Horace deftly replied:

Those talking points are killing people. There’s a small number of people in these communities that are creating a nightmarish existence. Those people need to be pulled out of the circumstances.

Chicago Alderman Anthony Beale, who represents the 9thward on the south side of the city, is asking for police to be permanently reassigned to his crime-plagued community and other areas of the city that are only now receiving temporary upgrades in coverage. Overall, there have been more than 300 homicides in the city of Chicago this year (and over 1,700 people shot). Horace explained:

These people are living – literally – in war zones.

It is unbelievable that conversation is being held that grandma can’t go and get her prescription filled. That her granddaughter can’t get to school without a drive-by shooting. That jobs won’t locate in those communities – perpetuating poverty – because investors will not go there when there is this elevated level of crime.

What you need is a common-sense idea. The same thing that happens when you’re on the interstate, when the officer puts his car prominently on the side of the road. All of a sudden, everybody slows down. Even people who are law-abiding take notice.

What we need to do is have an elevated presence of law enforcement in these communities. And it doesn’t need to be for a weekend. It doesn’t need to be for a few weeks. It needs to be for a year – two or three, if necessary. That’s the way you make it safer. That’s the way that this war zone mentality can go away.

Host Laura Ingraham echoed Horace’s concern, making a plea for people to look past political differences in finding a solution.
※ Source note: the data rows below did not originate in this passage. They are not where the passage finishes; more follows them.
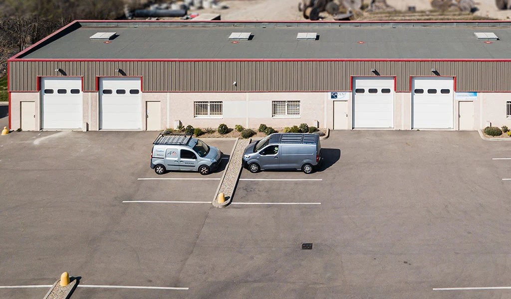 Lot 1 – Entrepôt : 100m² – Bureau et sanitaire : 20m² – 5 places de parking.
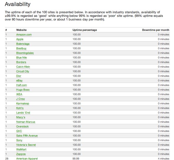 WatchMouse says that 27 of the 100 sites had 100% uptime; 15 came in at 99.99%, and only American Eagle Outfitters, GiltGroupe, Footlocker.com, and Fry’s Electronics landed in the “unacceptable” category. American Eagle Outfitters performed the worst during the monitoring period from October 25 – November 26, 2010 with nearly one full day of downtime.
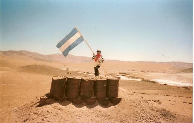 Pasamos a las 14.55 por el Salar de Arizaro. Muchas algarabías todas cantamos, otros hacen palmas. Nos acompaña un bello día que contrasta con la desértica serranía. En Caipe tenemos la grata sorpresa de encontrarnos con el camino asfaltado, casi perfecto a pesar del continuo pase de camiones de gran porte. Este se había construido para unir las distancias con la mina La Casualidad que por entonces usaban camiones pesados y especiales para transportar las cargas de azufre hacia los centros de ventas. Nos estamos acercando a una velocidad aproximada de 60 Km. p/h. Es descenso, la brisa nos besa las mejillas y nos despeina, mientras serpenteamos el camino y seguimos bajando. Salar de Arizaro vamos pasando, cual regalo de la Madre Pachamama, nos deleita con su paisaje. A la derecha de éste camino se lee un cartel que dice” Minería Rió Grande”.

She said: “If you can save lives… with smarter policing, with smarter community involvement – that’s a good thing.”

Tall nonetheless professed a concern about alleged racial profiling and bias in sentencing “doubling the fear” in black communities. Raising the prospect of unconstitutional searches and seizures, he asked: “Do you really want a police force that’s not strategic, and that’s not following Forth Amendment rules?”

Horace replied:

You can hide behind the Fourth Amendment all you want – here’s the facts. Black Americans, particularly those in Chicago, are DYING as a result of the failure of law enforcement officials to be welcomed in and to let them play the role that they’re capable of doing.

Horace’s prescription for curing Chicago’s crime crisis now is the same as it was in 2017. In January 24, 2017, during an interview on the Fox News Channel’s “The O’Reilly Factor,” he made a suggestion for President Donald Trump to lend a hand (something he similarly suggested to Ingraham and Tall):

He sends a Justice Department directive that says to the U.S. attorneys in that jurisdiction, in Cook County, that they are going to work directly with the prosecutors. They’re going to have the FBI and the local law enforcement work together, and they’re going to pick which cases that they go across that they’re going to prosecute directly. This doesn’t require change in law — this simply requires will.
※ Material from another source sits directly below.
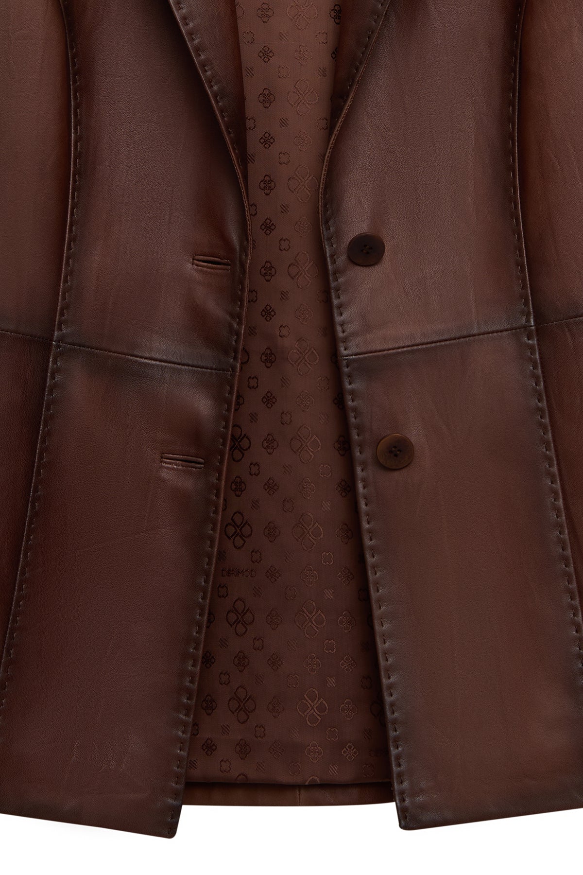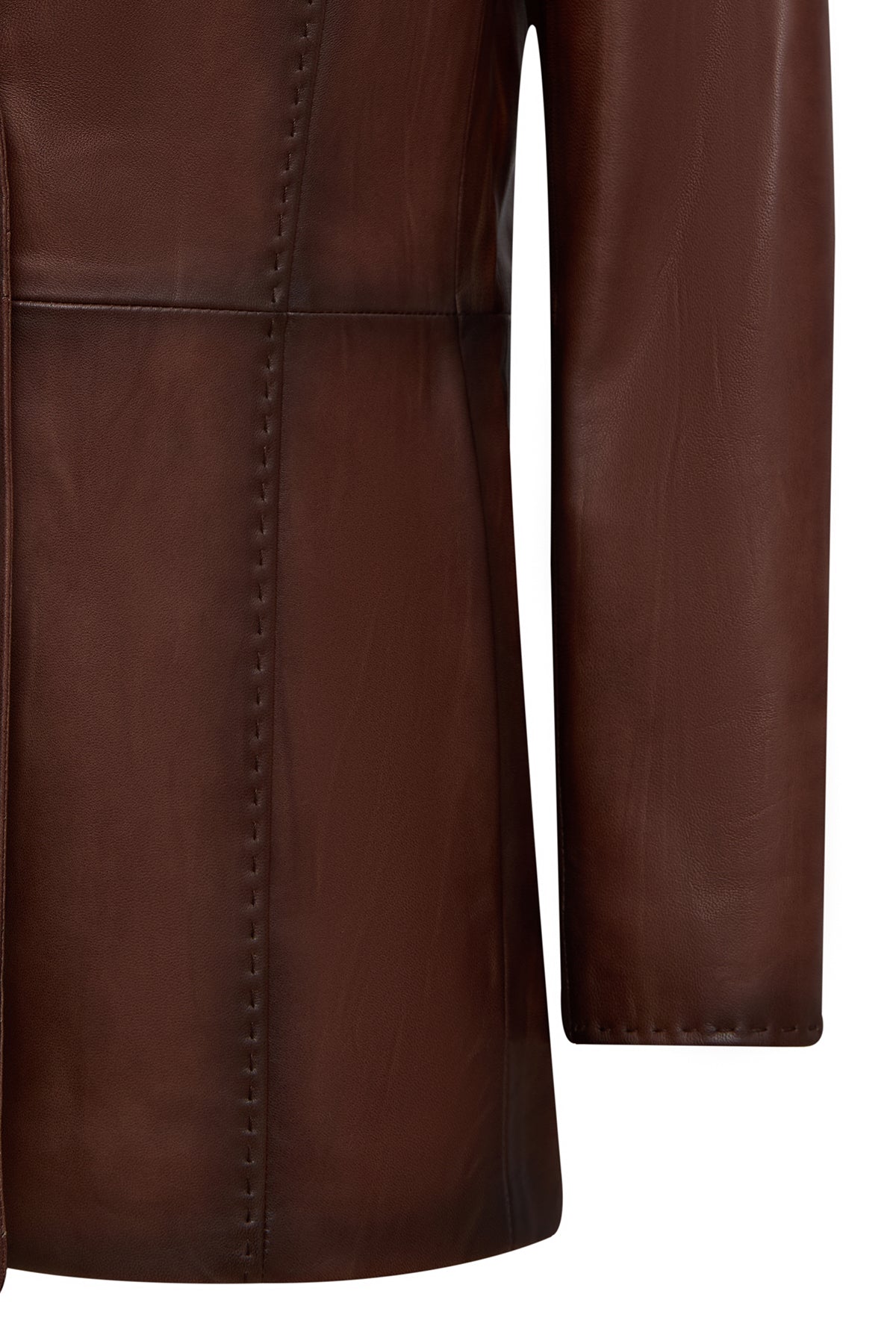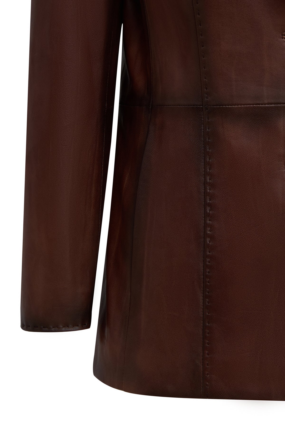 Barbara Kadın Kahverengi Blazer Deri Ceket

Within minutes of that 2017 interview, the President took to Twitter to declare: “If Chicago doesn’t fix the horrible ‘carnage’ going on,… I will send in the Feds!”

In addition to this specific suggestion for curbing violence in Chicago through a great and more accepted police presence, Project 21 offers several recommendations for improving police-community relations in its “Blueprint for a Better Deal for Black America.”
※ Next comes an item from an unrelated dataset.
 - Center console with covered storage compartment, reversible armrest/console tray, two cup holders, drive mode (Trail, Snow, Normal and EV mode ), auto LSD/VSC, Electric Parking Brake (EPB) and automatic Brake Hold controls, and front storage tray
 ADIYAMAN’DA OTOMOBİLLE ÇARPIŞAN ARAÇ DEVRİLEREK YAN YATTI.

Within Project 21’s 57-point planfor removing barriers blocking blacks from empowerment and ensuring they have a chance to attain the American Dream are several recommendations for improving public safety and community-police relations:

  • End police enforcement of regulations such as smoking bans and childrens’ lemonade stands as well as any unnecessary focus on minor infractions that can escalate into major incidents.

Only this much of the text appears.